Recorded data
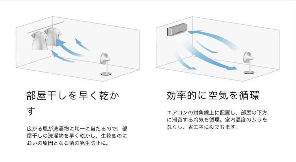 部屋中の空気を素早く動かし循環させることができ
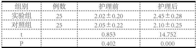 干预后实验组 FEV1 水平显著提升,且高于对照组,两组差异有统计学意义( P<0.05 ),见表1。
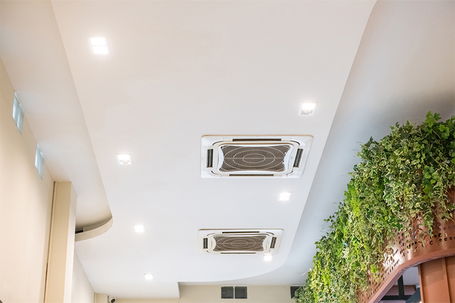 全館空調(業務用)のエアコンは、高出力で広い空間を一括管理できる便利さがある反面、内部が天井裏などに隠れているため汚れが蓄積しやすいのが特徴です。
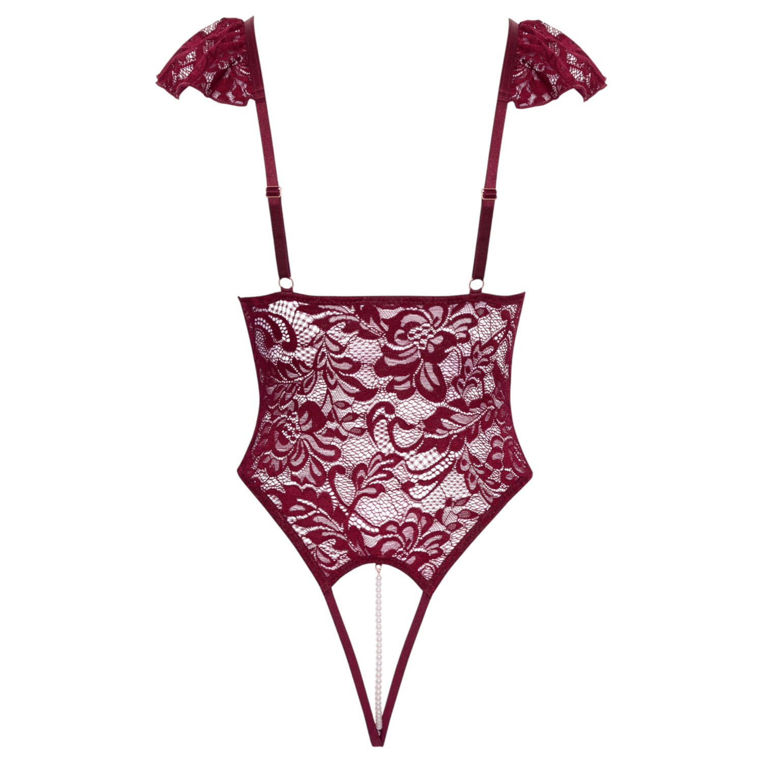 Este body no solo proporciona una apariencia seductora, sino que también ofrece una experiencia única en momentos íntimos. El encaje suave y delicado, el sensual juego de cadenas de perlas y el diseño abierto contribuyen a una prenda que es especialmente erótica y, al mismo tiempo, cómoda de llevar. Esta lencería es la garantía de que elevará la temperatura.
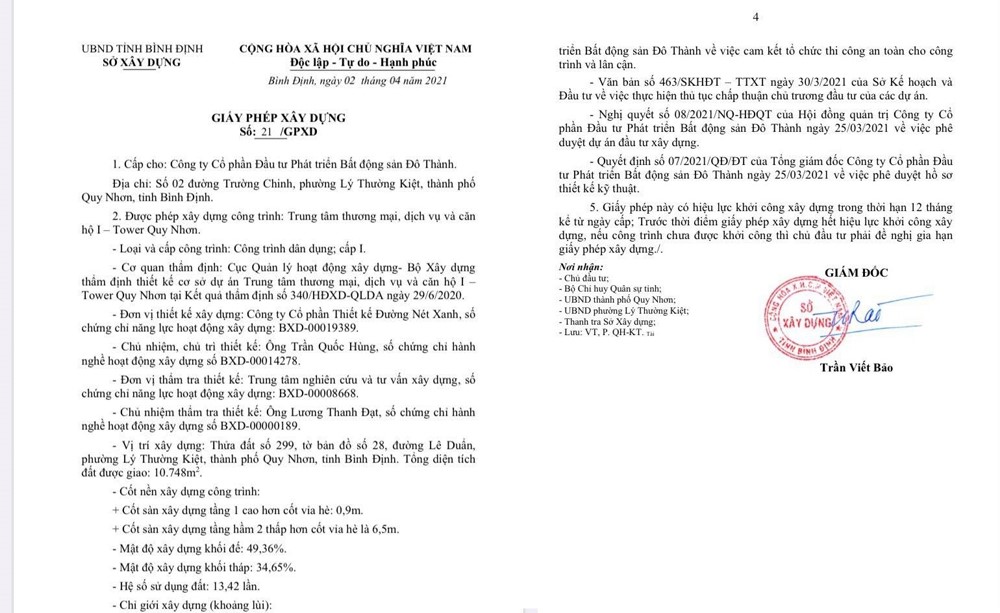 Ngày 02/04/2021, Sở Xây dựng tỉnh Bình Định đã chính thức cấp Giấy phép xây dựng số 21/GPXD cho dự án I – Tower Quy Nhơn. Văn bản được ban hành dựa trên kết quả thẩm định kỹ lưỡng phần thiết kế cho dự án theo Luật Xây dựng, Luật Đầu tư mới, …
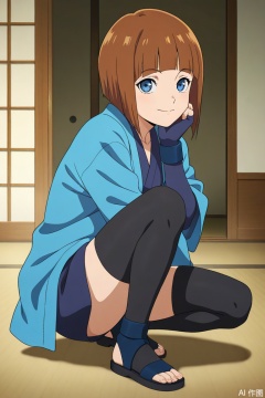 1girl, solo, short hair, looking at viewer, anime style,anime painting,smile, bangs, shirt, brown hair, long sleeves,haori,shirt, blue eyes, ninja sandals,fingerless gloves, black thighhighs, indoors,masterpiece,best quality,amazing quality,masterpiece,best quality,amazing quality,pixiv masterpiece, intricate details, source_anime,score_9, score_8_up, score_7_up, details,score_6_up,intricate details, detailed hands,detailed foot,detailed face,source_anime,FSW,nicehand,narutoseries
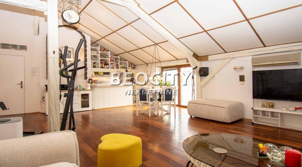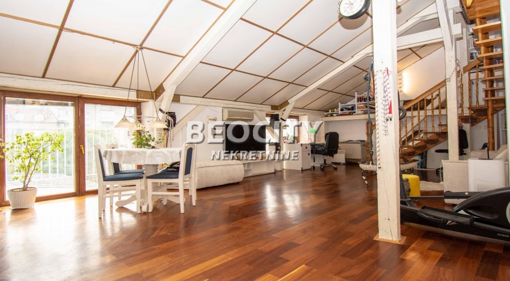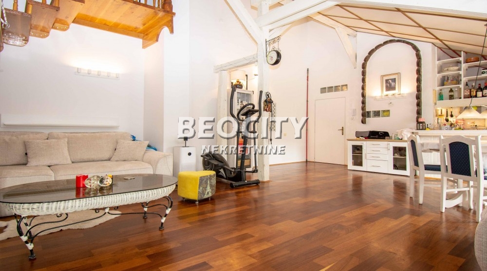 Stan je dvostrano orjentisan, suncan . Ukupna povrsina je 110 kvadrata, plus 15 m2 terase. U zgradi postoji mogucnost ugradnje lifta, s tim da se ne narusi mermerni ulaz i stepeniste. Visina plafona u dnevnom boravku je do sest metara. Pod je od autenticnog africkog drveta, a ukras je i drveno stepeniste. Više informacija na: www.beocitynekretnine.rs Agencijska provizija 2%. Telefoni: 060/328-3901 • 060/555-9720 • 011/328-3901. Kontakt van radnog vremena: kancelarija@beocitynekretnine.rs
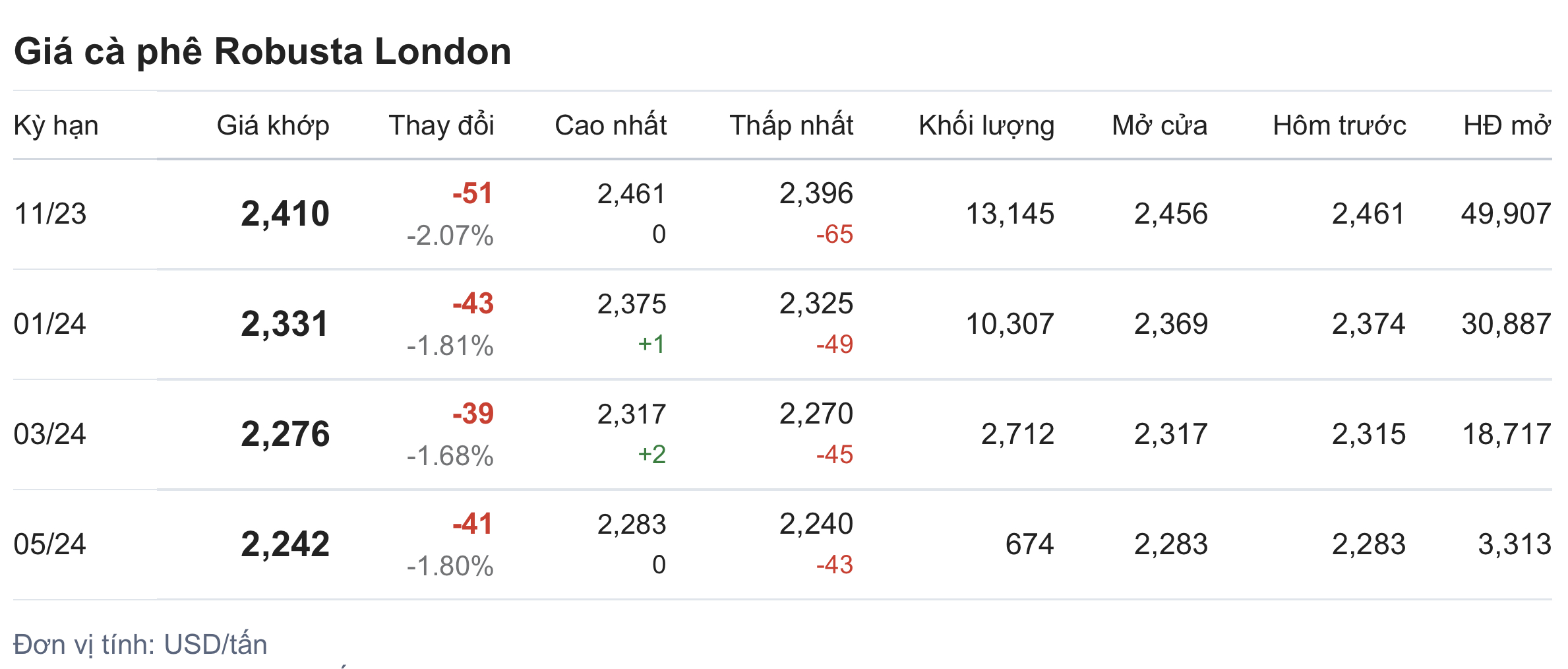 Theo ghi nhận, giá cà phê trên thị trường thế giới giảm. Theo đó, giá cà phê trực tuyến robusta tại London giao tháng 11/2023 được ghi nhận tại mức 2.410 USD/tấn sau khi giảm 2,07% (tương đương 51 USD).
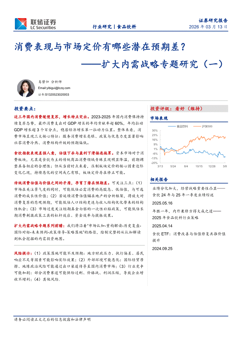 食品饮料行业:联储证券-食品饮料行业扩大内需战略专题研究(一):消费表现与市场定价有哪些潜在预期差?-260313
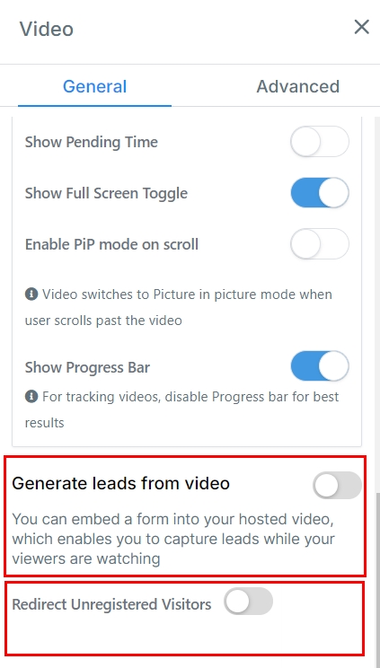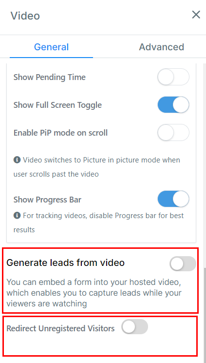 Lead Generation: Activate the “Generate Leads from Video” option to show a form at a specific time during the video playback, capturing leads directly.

**Task to carry out**:
Every line from the one containing "Theo ghi nhận, giá" through the last line of the records is to be reproduced exactly, with pictures left out and nothing else given.

**Written response**:
 Theo ghi nhận, giá cà phê trên thị trường thế giới giảm. Theo đó, giá cà phê trực tuyến robusta tại London giao tháng 11/2023 được ghi nhận tại mức 2.410 USD/tấn sau khi giảm 2,07% (tương đương 51 USD).
 食品饮料行业:联储证券-食品饮料行业扩大内需战略专题研究(一):消费表现与市场定价有哪些潜在预期差?-260313
 Lead Generation: Activate the “Generate Leads from Video” option to show a form at a specific time during the video playback, capturing leads directly.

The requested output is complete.